- HOW TO COMPLETE THIS TASK
For the records below, print the lines from the line with "La solution la" through the line with "Camiseta deportiva con" exactly as written; include both end lines and exclude the rest.

- SUPPLIED DATA
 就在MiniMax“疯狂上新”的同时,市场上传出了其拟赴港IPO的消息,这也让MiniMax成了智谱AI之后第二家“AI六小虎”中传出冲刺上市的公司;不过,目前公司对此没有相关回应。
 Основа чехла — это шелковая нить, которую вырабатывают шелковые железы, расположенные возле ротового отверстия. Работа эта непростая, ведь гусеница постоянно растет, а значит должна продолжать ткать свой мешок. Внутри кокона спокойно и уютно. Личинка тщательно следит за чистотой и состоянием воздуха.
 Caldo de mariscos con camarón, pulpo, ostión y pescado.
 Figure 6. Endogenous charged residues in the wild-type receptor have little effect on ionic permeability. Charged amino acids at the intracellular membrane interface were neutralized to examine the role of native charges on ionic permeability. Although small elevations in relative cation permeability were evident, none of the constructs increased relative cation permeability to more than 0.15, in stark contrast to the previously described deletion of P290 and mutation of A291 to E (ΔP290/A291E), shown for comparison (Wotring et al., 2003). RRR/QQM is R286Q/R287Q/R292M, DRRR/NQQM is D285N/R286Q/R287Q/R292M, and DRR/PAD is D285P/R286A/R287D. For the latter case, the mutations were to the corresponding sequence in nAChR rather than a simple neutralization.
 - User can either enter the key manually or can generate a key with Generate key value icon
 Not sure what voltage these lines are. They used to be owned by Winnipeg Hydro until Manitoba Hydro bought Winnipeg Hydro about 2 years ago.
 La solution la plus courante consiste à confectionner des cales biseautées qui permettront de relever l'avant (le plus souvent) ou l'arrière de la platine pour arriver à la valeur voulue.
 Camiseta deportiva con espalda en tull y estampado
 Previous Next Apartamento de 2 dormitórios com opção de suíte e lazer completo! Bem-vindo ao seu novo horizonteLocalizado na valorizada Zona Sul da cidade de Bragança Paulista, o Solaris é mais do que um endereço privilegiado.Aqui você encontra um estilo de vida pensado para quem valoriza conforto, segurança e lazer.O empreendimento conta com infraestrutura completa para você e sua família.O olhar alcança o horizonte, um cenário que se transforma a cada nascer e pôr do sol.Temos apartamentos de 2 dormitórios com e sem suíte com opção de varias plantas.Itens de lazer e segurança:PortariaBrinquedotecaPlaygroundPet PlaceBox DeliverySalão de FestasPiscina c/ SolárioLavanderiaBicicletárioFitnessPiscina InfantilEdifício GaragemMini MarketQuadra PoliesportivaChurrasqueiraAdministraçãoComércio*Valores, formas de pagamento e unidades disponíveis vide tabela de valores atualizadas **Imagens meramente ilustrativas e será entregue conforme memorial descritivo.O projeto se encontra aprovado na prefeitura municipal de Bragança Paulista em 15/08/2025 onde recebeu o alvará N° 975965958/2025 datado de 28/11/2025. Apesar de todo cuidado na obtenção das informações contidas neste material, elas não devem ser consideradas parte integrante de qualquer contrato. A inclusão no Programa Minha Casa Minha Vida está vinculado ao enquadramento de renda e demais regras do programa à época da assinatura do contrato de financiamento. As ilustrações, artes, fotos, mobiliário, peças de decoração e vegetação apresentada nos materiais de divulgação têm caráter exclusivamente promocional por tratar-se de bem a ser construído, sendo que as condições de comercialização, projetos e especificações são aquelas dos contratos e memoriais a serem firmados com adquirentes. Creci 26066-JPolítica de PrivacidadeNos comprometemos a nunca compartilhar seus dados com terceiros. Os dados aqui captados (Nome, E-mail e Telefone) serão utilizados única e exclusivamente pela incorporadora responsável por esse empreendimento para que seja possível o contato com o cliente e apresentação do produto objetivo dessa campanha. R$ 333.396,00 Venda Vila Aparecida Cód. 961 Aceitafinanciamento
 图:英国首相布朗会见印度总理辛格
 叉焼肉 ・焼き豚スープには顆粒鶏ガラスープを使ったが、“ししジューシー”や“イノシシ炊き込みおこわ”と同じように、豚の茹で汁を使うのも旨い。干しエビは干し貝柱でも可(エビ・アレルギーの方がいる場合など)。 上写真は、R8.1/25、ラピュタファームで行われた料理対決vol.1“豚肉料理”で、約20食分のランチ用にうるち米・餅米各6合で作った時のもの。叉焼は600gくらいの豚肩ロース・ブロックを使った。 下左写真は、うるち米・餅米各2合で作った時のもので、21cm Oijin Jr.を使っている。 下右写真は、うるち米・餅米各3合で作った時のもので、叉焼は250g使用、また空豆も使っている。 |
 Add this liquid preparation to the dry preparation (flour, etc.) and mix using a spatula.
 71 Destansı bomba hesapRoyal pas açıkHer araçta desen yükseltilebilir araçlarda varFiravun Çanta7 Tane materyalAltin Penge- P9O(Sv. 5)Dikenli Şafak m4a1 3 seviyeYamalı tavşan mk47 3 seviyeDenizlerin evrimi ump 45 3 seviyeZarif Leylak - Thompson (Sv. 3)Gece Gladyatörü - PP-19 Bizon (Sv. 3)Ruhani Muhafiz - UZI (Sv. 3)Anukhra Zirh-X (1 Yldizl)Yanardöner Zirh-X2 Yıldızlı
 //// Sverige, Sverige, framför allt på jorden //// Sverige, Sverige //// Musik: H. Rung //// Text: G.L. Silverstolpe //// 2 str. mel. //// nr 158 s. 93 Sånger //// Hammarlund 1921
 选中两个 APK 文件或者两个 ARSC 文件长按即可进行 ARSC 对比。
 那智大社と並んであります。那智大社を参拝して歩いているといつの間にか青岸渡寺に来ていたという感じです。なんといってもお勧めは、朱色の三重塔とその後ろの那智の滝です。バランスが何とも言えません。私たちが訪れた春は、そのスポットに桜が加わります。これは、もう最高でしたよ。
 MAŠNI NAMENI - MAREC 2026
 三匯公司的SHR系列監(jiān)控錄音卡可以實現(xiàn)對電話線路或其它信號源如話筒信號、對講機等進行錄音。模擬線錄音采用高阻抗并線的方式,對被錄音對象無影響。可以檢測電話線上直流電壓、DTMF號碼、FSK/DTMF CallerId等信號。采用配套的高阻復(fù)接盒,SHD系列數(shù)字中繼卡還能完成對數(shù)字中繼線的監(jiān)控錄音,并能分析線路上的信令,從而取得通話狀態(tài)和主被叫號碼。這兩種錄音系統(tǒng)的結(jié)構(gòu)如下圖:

- ANSWER TO THE PROBLEM
 La solution la plus courante consiste à confectionner des cales biseautées qui permettront de relever l'avant (le plus souvent) ou l'arrière de la platine pour arriver à la valeur voulue.
 Camiseta deportiva con espalda en tull y estampado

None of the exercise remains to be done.